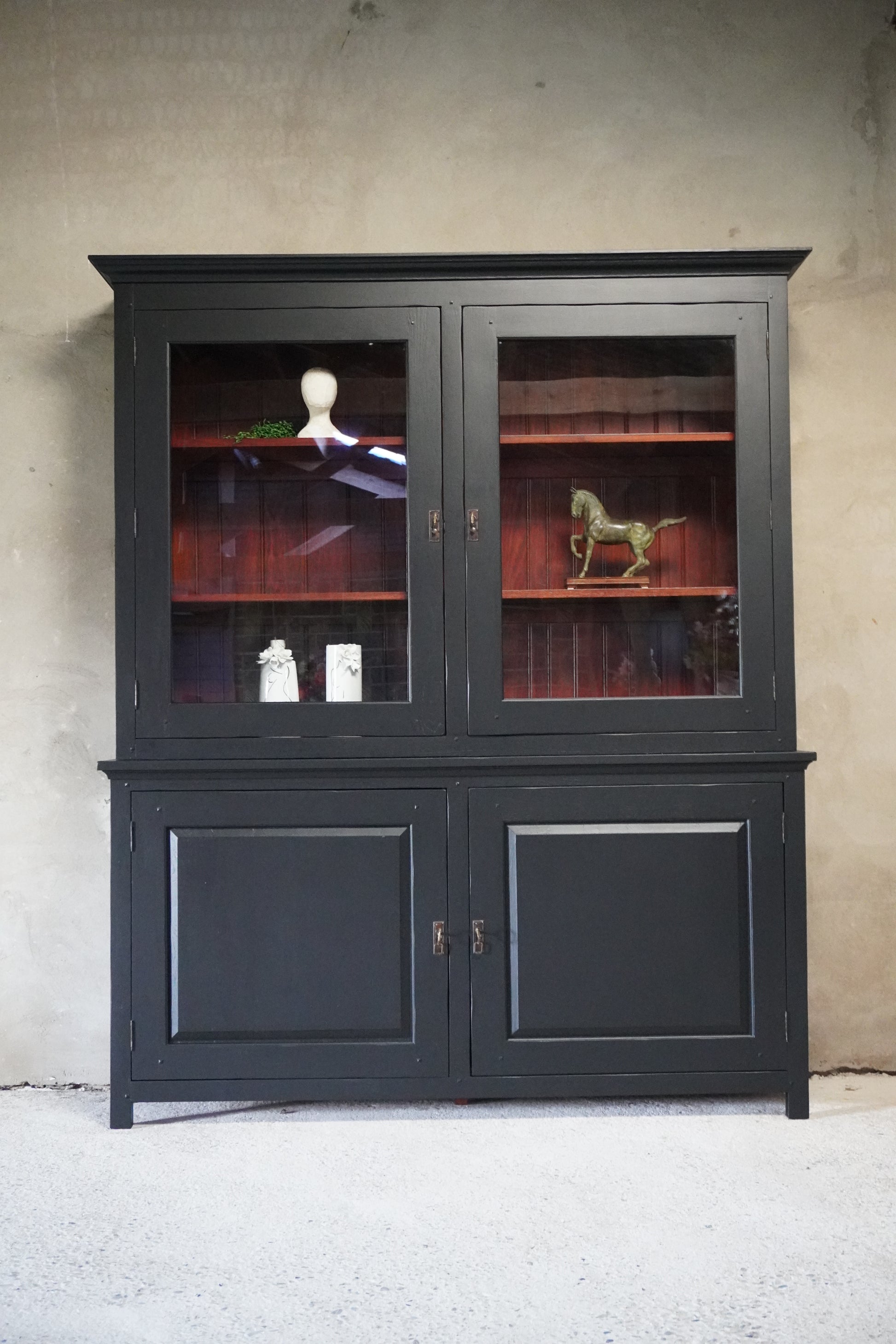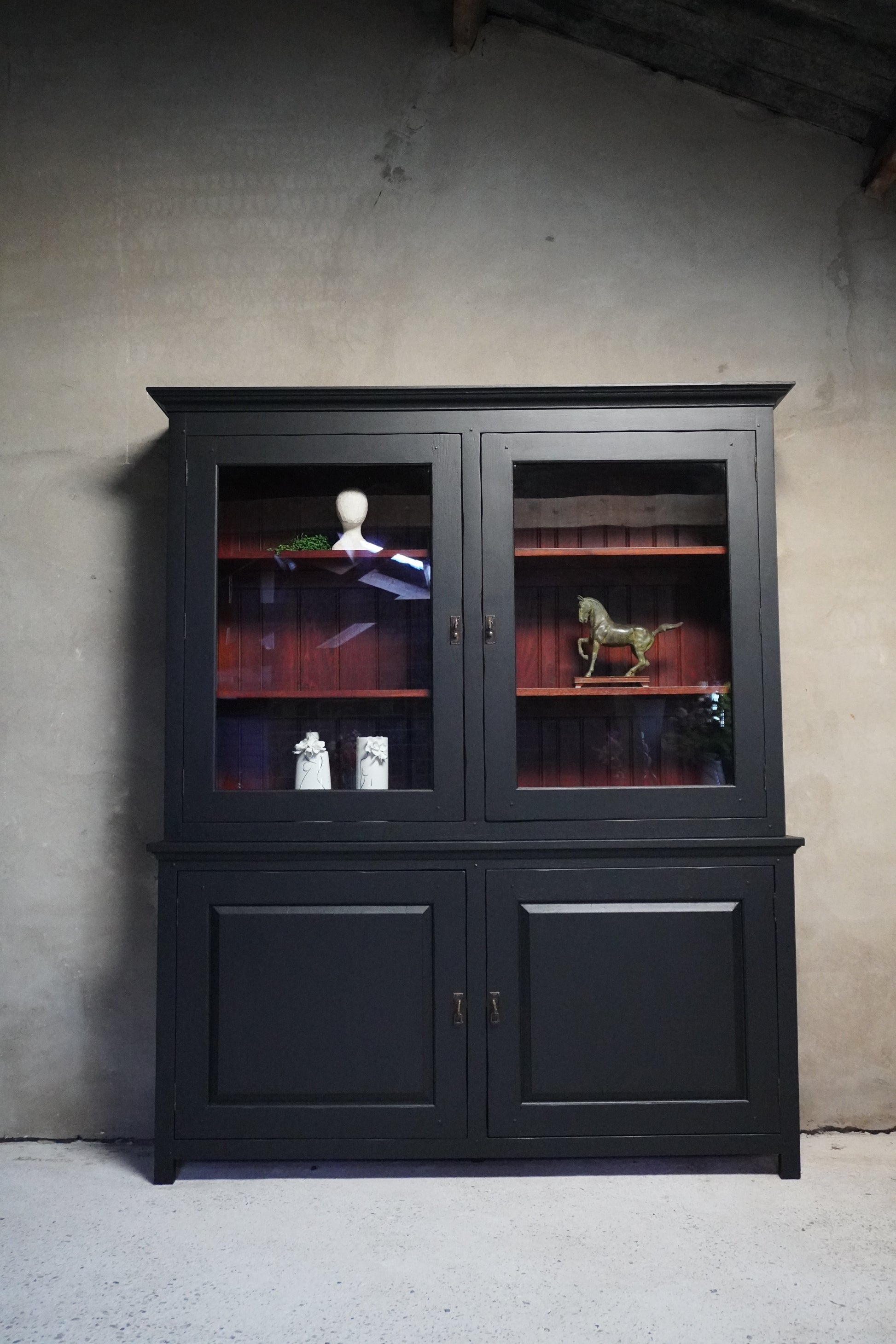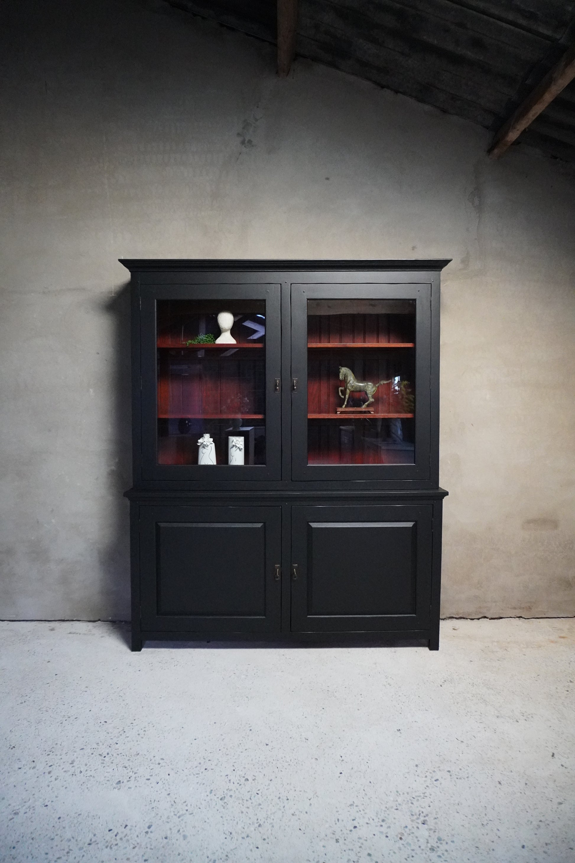 Deze prachtige buffetkast is gemaakt van kersenhout en van zware, degelijke kwaliteit. Wij hebben de kast een prachtige, moderne uitstraling gegeven in een warme zwarte kleur.
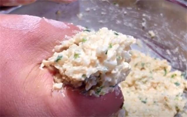 9.然后把火关小一点,用手的虎口像这样慢慢的挤出丸子,放入锅中。
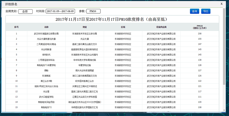 1. 可以對各個監(jiān)測點位進行PM2.5或者PM10參數(shù)進行實時簡單排名或者歷史簡單排名,可以正序也可以倒序。以此可以快速地了解各個監(jiān)測點位的排名。
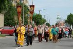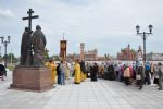 После Литургии Владыка, священнослужители и молящиеся совершили крестный ход к Благовещенскому собору, расположенному на площади Пресвятой Девы Марии. Маршрут крестного хода проходил мимо Воскресенского собора, Троицкого храма, а так же скульптурной композиции святых равноапостольных Кирилла и Мефодия. Памятник создателям славянской азбуки был установлен на набережной реки Малая Кокшага в 2014 году.
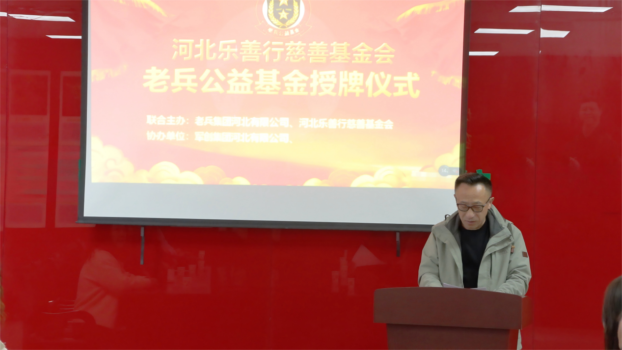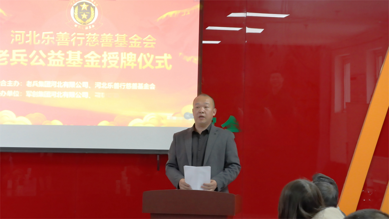 随后,河北乐善行慈善基金会理事长左立飞致辞,详细介绍了基金会的公益理念及老兵公益基金的运作模式。他表示:基金会始终聚焦民生关切、践行社会责任,此次设立老兵公益基金,是响应国家号召、关爱退役军人的重要举措。基金会将严格履行监管职责,规范基金管理流程,确保每一笔善款都用在刀刃上,与老兵集团一道,为老兵提供有温度、有力度的公益支持,共同推动关爱老兵事业规范化、长效化发展。
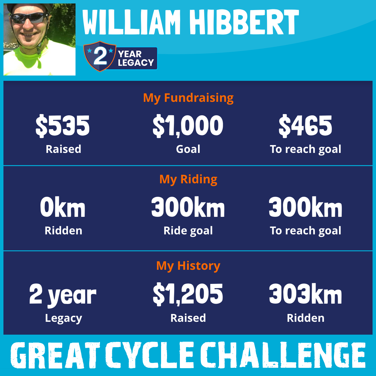 I am riding 300 km in memory of my brother, Steve Hibbert. Please sponsor me and support my challenge to fight kids' cancer and save little lives.
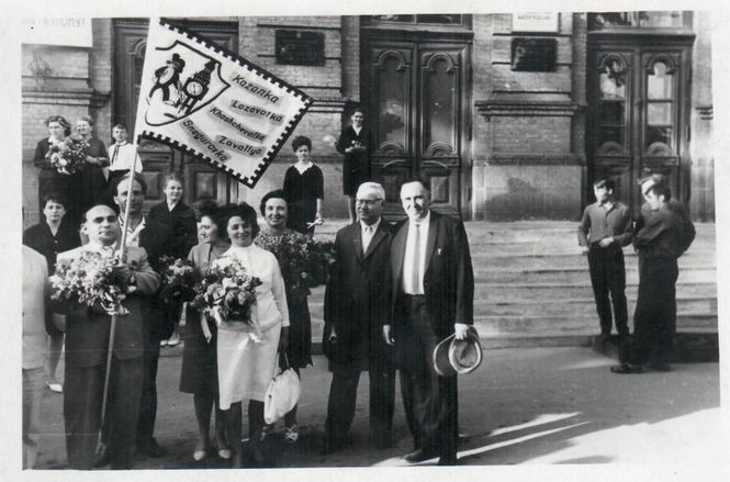 18. Група "А" з викладачами факультету англійської мови. Останній дзвоник (1966 р.)
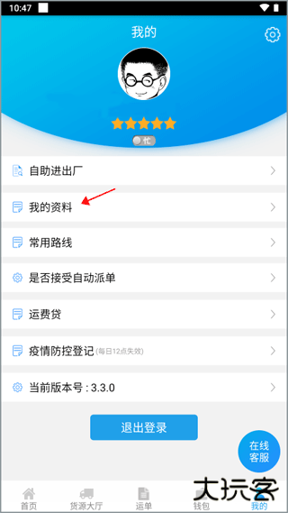 1、登录软件账号之后,切换到“我的”界面,点击页面中的“我的资料”。
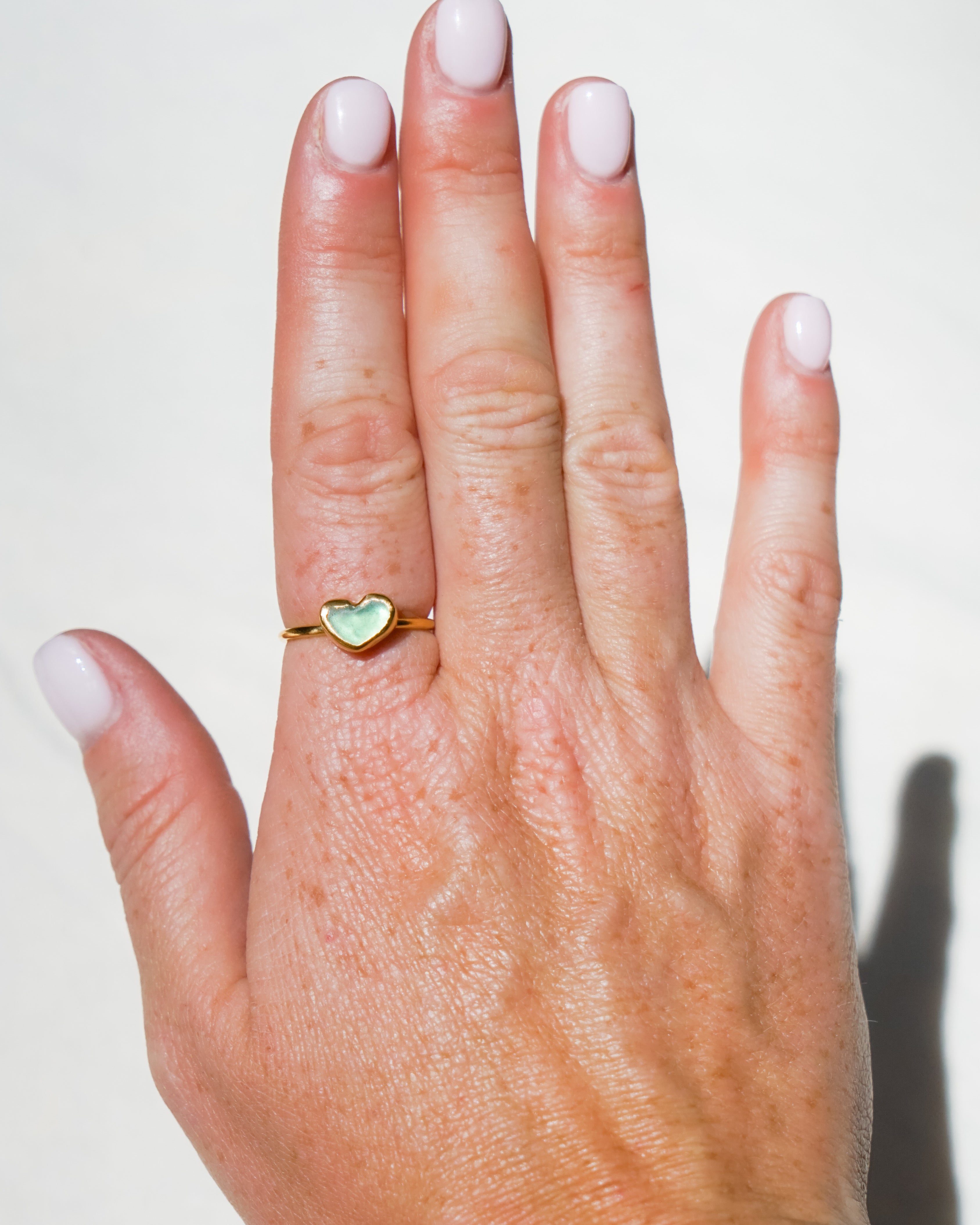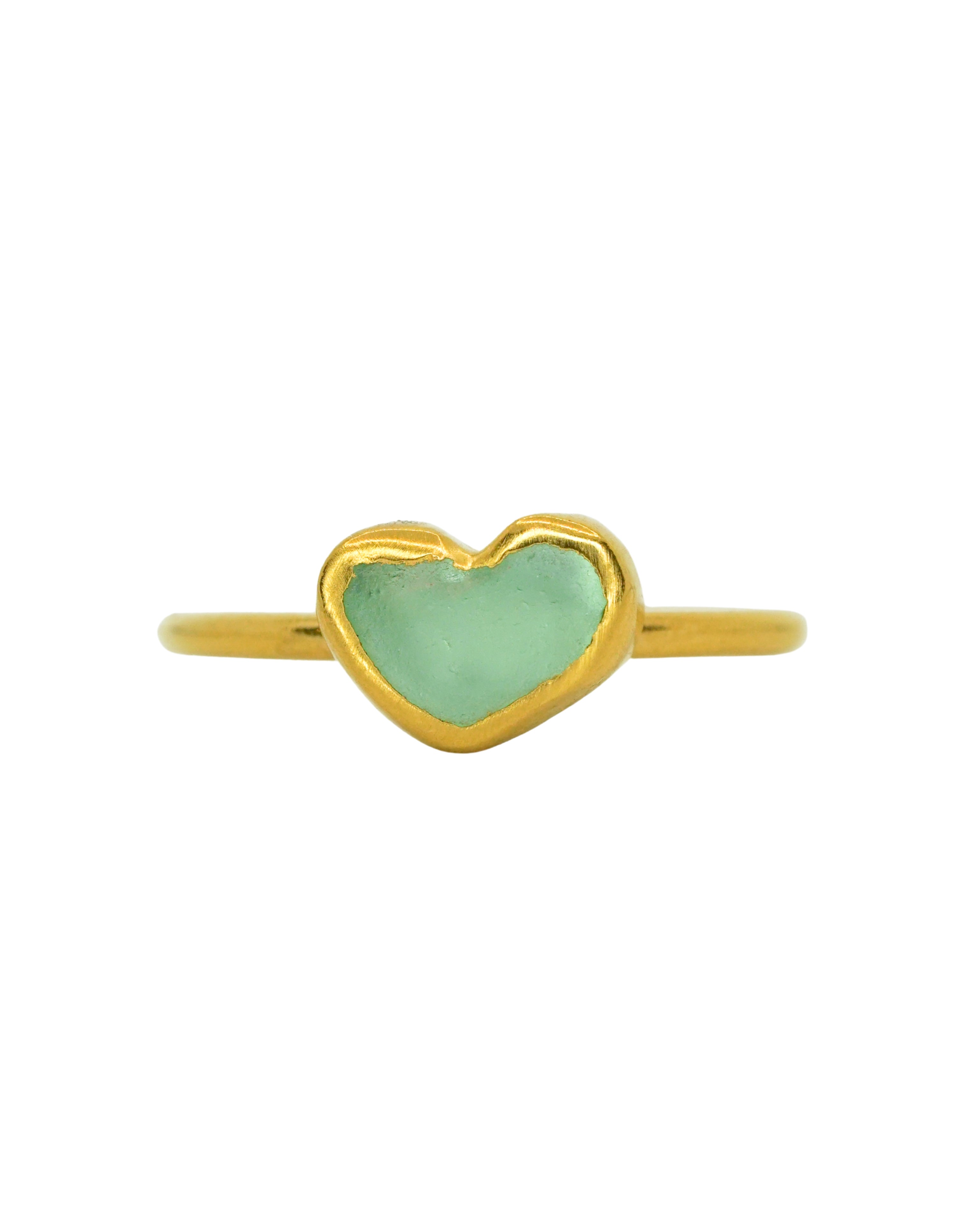 Green Sea Glass Heart, Gold Vermeil - Size O
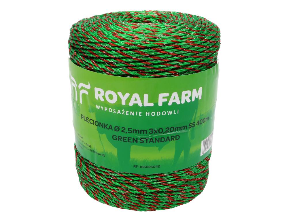Plecionka, do elektryzatora 2,5mm, 3×0,20mm SS zielono-pomarańczowa 400m, Royal Farm

---------------

■ Work instructions
In the records above, find the line that contains "I am riding". Retype it and every line after it, exactly, leaving out all pictures.

■ Solution to this exercise
 I am riding 300 km in memory of my brother, Steve Hibbert. Please sponsor me and support my challenge to fight kids' cancer and save little lives.
 18. Група "А" з викладачами факультету англійської мови. Останній дзвоник (1966 р.)
 1、登录软件账号之后,切换到“我的”界面,点击页面中的“我的资料”。
 Green Sea Glass Heart, Gold Vermeil - Size O
Plecionka, do elektryzatora 2,5mm, 3×0,20mm SS zielono-pomarańczowa 400m, Royal Farm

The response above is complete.